• [Records to process]:
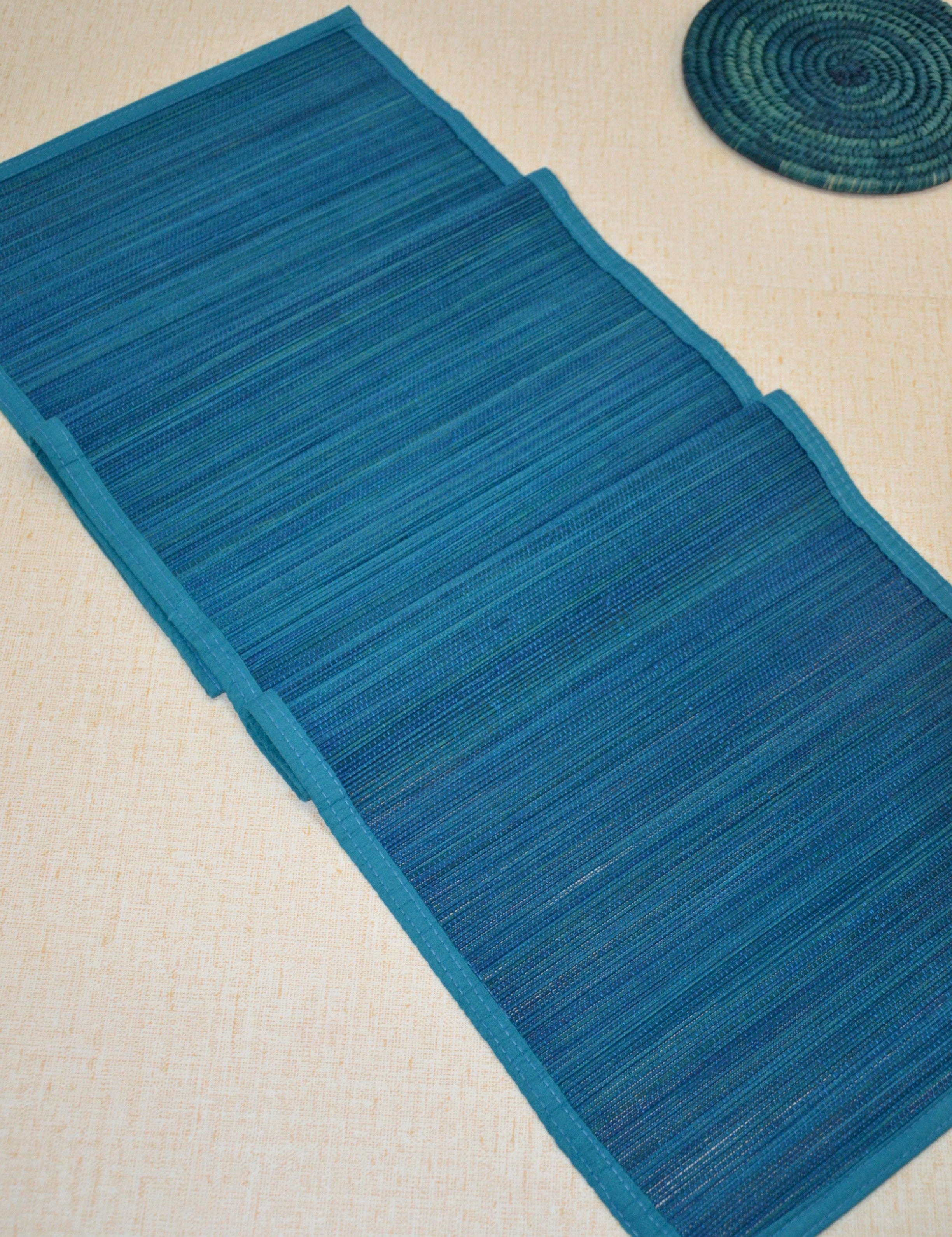 Table runner constructed from Bamboo sticks and interwoven with cotton thread. Earthy and Eco-friendly, these are a perfect addition to your home and complement most themes.
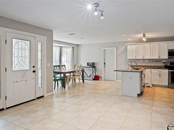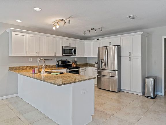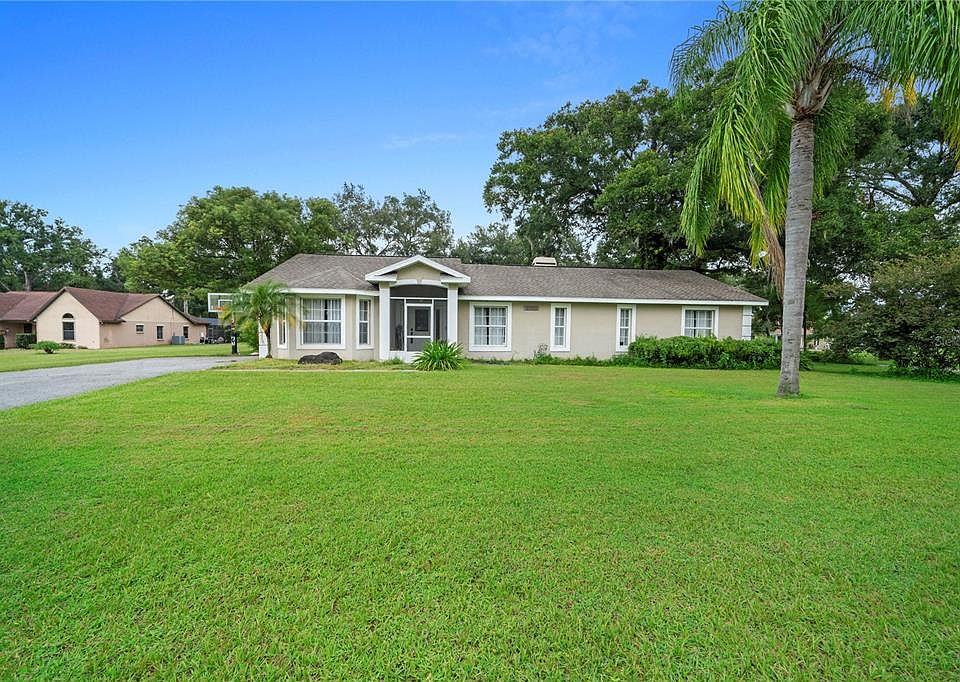 Short Sale. BANK APPROVED PRICE! Nestled on a generous 1.2 acre canvas lies a custom-built sanctuary that harmonizes space, grace, and possibility. At approximately 3,488 sq ft, this single-story home (built in 2000) offers both elegance and practicality. A screened front alcove welcomes you inside, where a sunlit family room unfolds, boasting tray or coffered ceilings, a cozy fireplace, and sweeping 24-inch ceramic tile flooring that glides through the communal spaces. The heart of the home—the kitchen—is artfully updated with granite countertops, stainless-steel appliances, crown molding, and contemporary lighting. It connects seamlessly to a breakfast nook framed by a bay window, a formal dining zone, and an endearing coffee bar illuminated by natural light. Designed for the rhythms of a modern multi-generational family, the home features 5–6 bedrooms across three distinct living wings. On one side, four secondary bedrooms are paired through Jack-and-Jill bathrooms. On the opposite side lies a serene master retreat, your private haven with a luxurious bathroom outfitted with a dual-nozzle shower, a separate soaking tub, dual vanities, and high-end finishes that evoke a spa-like serenity. Perhaps this home’s most versatile asset is the in-law (or guest) suite—a self-contained haven complete with a private entrance, kitchenette, full bath, and flexible living space. Ideal as a studio, home office, guest quarters, or income-generating rental. Step outside to explore nearly half an acre of possibilities—a screened patio leads to an open-air patio ripe for BBQs and lounging.
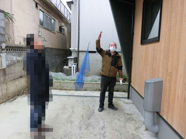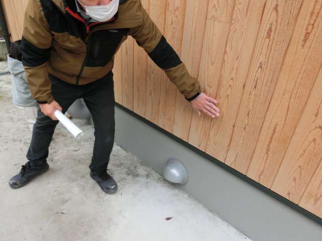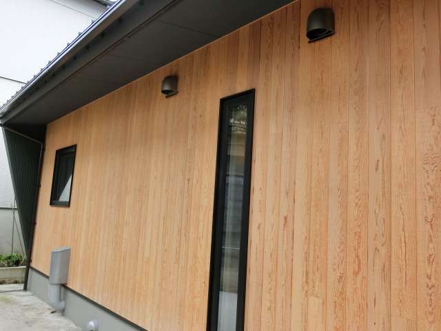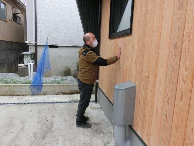 東側の板張りの外壁材は約1年が経過して下の方が太陽光の紫外線などの影響で少し色あせている状態。業者へ塗装依頼すると約20万円かかることを口頭で説明。
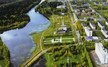 Справа г.Мирный, слева оз.Плесцы или Плесецкое. На переднем плане мемориалы погибшим.
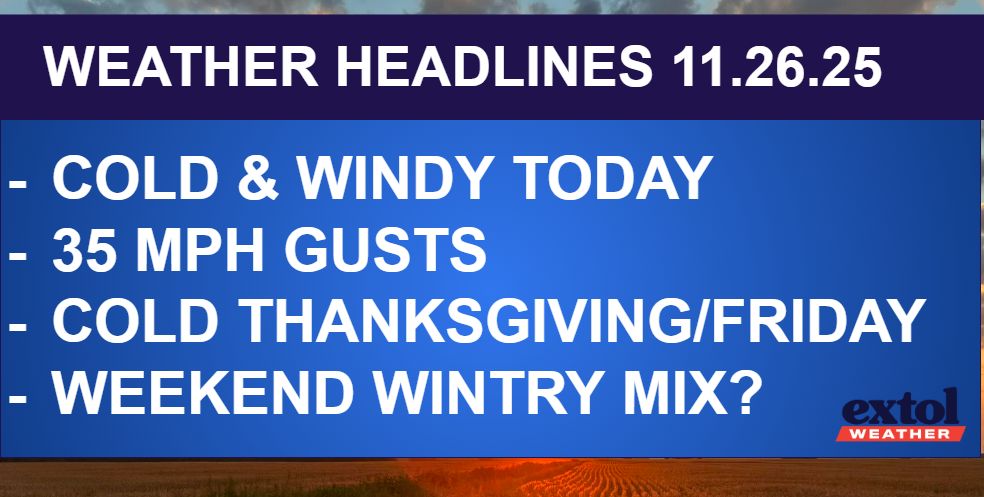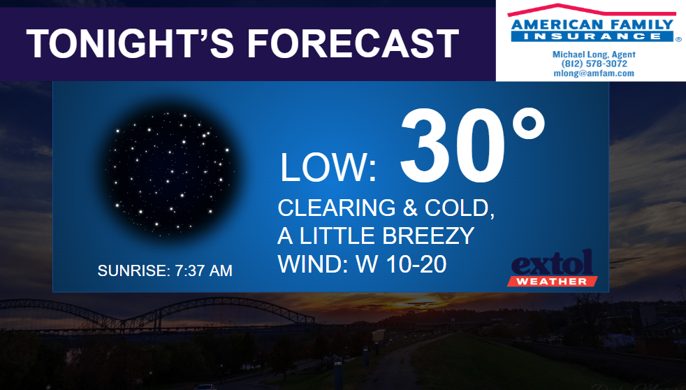 A winter feel has arrived for our Thanksgiving holiday and Old Man Winter will be visiting for a while! Cold and windy behind the cold front today with falling temperatures. Expect highs in the upper 30s and low 40s, with wind gusts up to 35 mph. Wind chills in the upper 20s and low 30s! Brrr…!!!
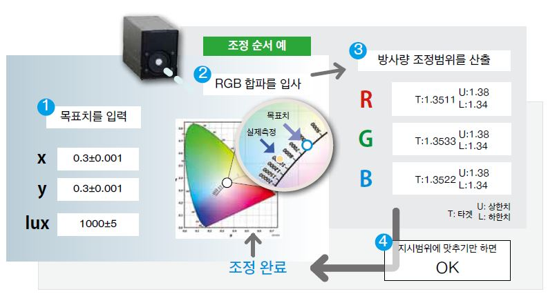 RGB 레이저 전용 생산라인 구축에 최적인 소형 조도계
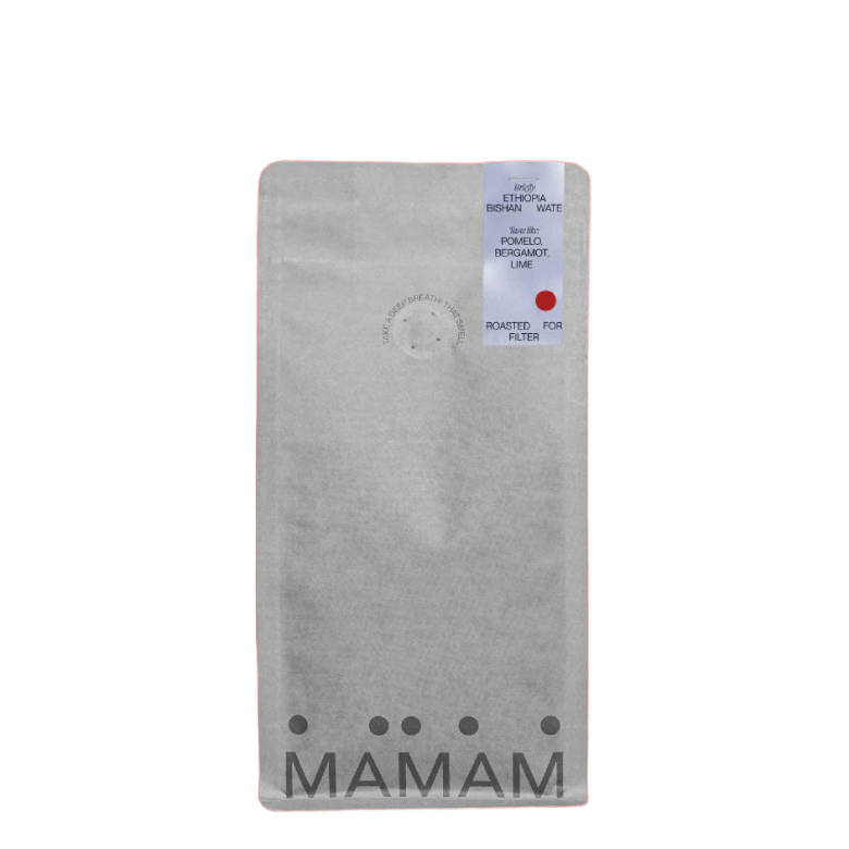MAMAM Ethiopia Bishan Wate to jasno palona arabika z Etiopii przeznaczona do metod przelewowych. Jej ziarna uprawiane są na wysokości 2200 m n.p.m. w regionie Hambela Wamena (Guji). Kawa przeszła obróbkę metodą Washed.
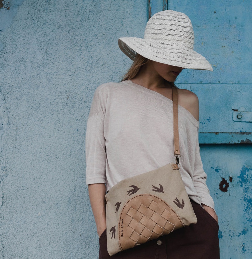 - Flax - one of the most used summer materials. Lightweight natural material has a high breathability. It does not cause an allergic reaction, it is aesthetically attractive, it is perfectly suited for different types of decor, including photo printing, embroidery, and applications. Linen bags are usually quite roomy, but compact. They can quickly collapse and hide, they do not take up much space.
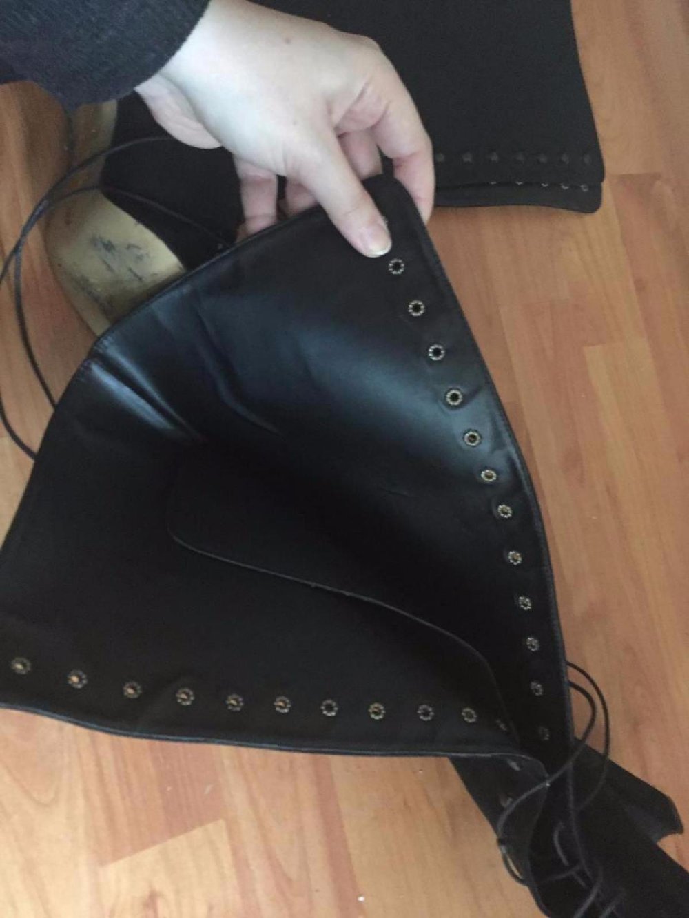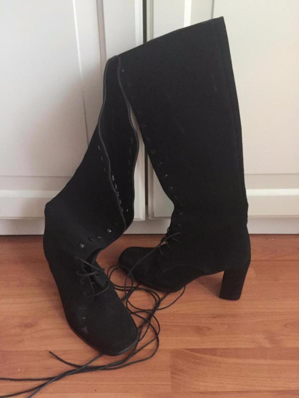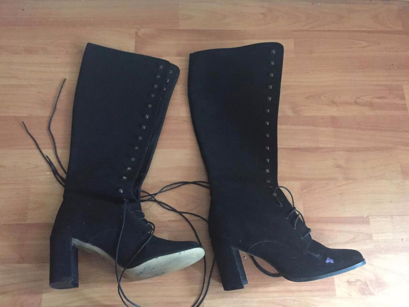 Blockabsatz, vorne leicht eckig. Geschnürt mit dünnem Senkel und dunkelen Metallösen (gehen Richtung Messing)
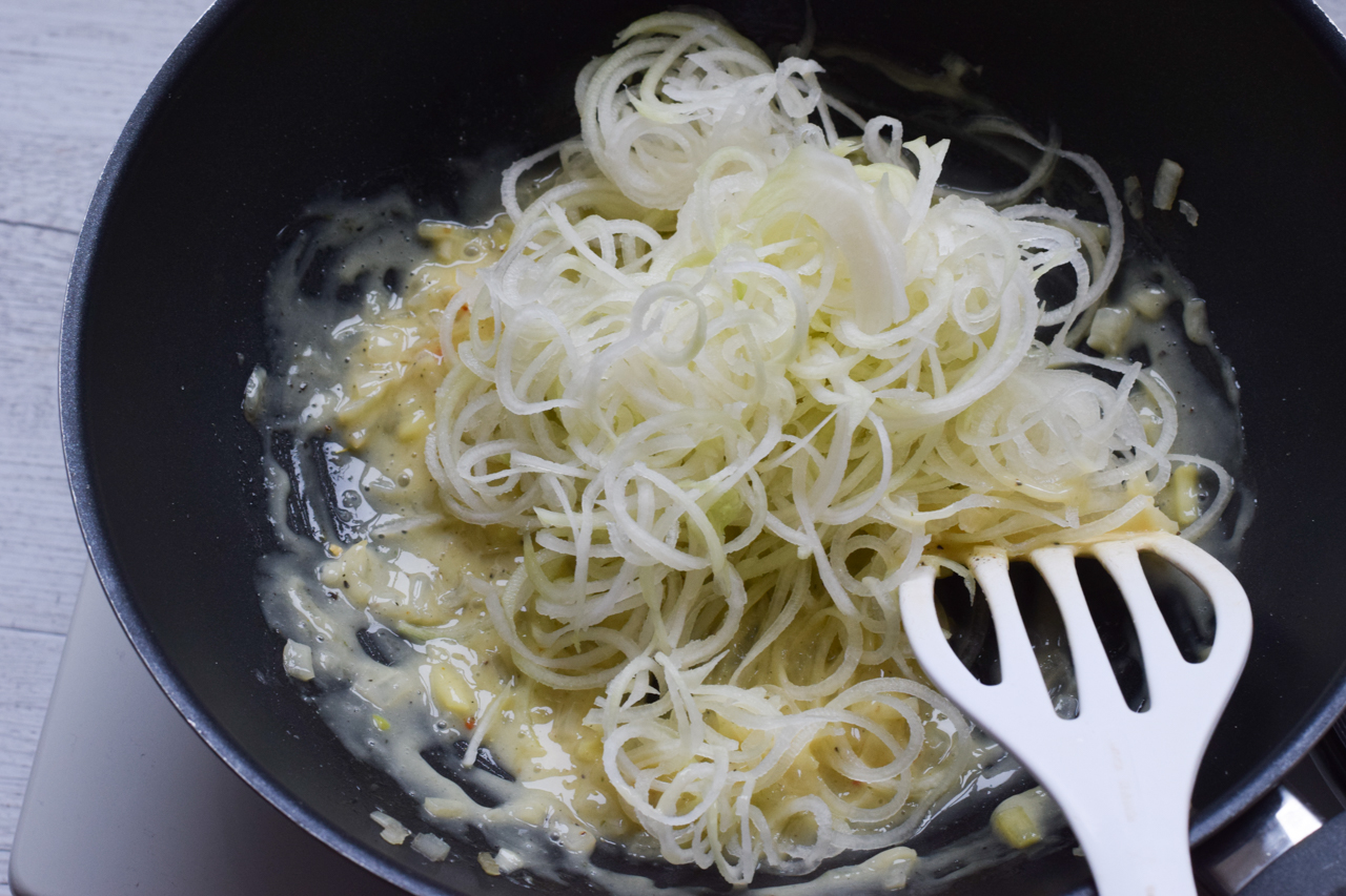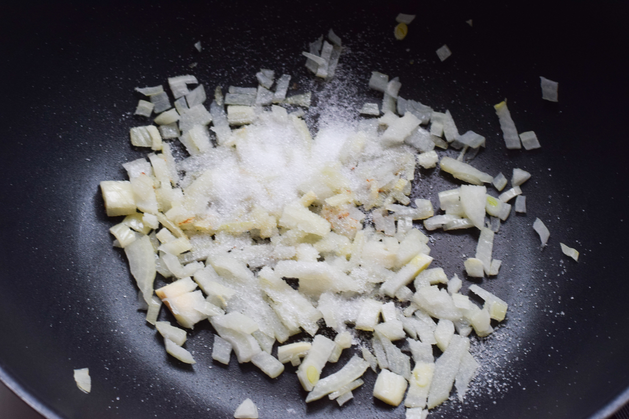 Die Zwiebel kleinhacken und in einer Pfanne glasig andünsten. 1 TL Erythrit darüber geben und etwas karamellisieren lassen.
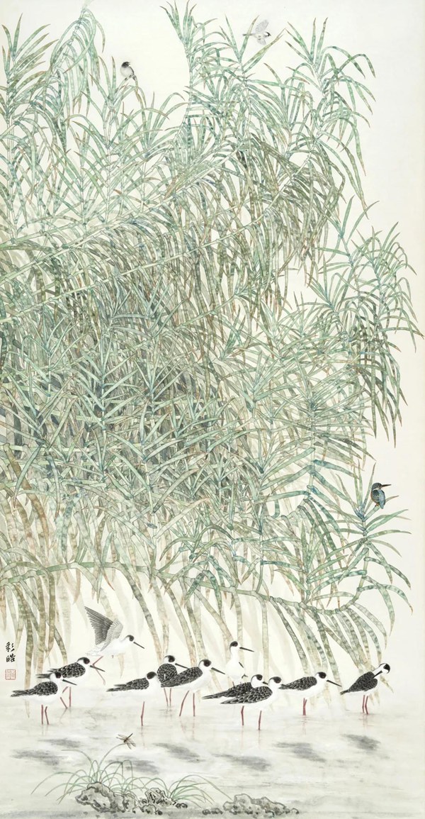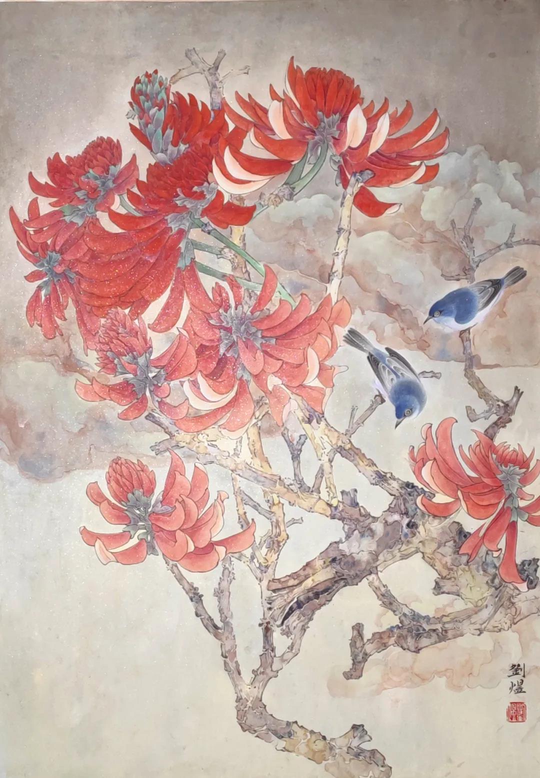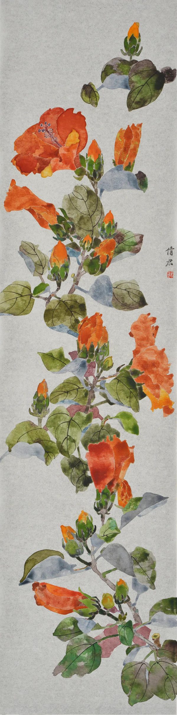 作品《夏》系列入選全國十大美院花鳥畫教學展,2019年,西安美術學院
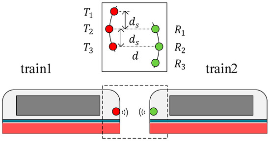 Table 3 and Table 4 provide the signal frequency, antenna element spacing, and transceiver antenna distance parameters. According to antenna configurations proposed in this paper, the 2 × 2 antenna array is more suitable for the communication of coupling trains, while the 3 × 3 antenna array is more suitable for virtual coupling trains. In addition, as the signal frequency increases, the antenna array element spacing must decrease, making it more ideal for short-range communication.
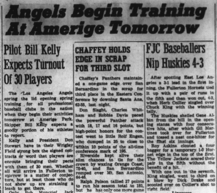 The Los Angeles Angels trained at Amerige Park in Fullerton.

• [Problem requirements]:
Repeat the lines above exactly, beginning with the one containing "Die Zwiebel kleinhacken" and finishing with the one containing "作品《夏》系列入選全國十大美院花鳥畫教學展,2019年,西安美術學院". No pictures belong in the copy.

• [Task response]:
 Die Zwiebel kleinhacken und in einer Pfanne glasig andünsten. 1 TL Erythrit darüber geben und etwas karamellisieren lassen.
 作品《夏》系列入選全國十大美院花鳥畫教學展,2019年,西安美術學院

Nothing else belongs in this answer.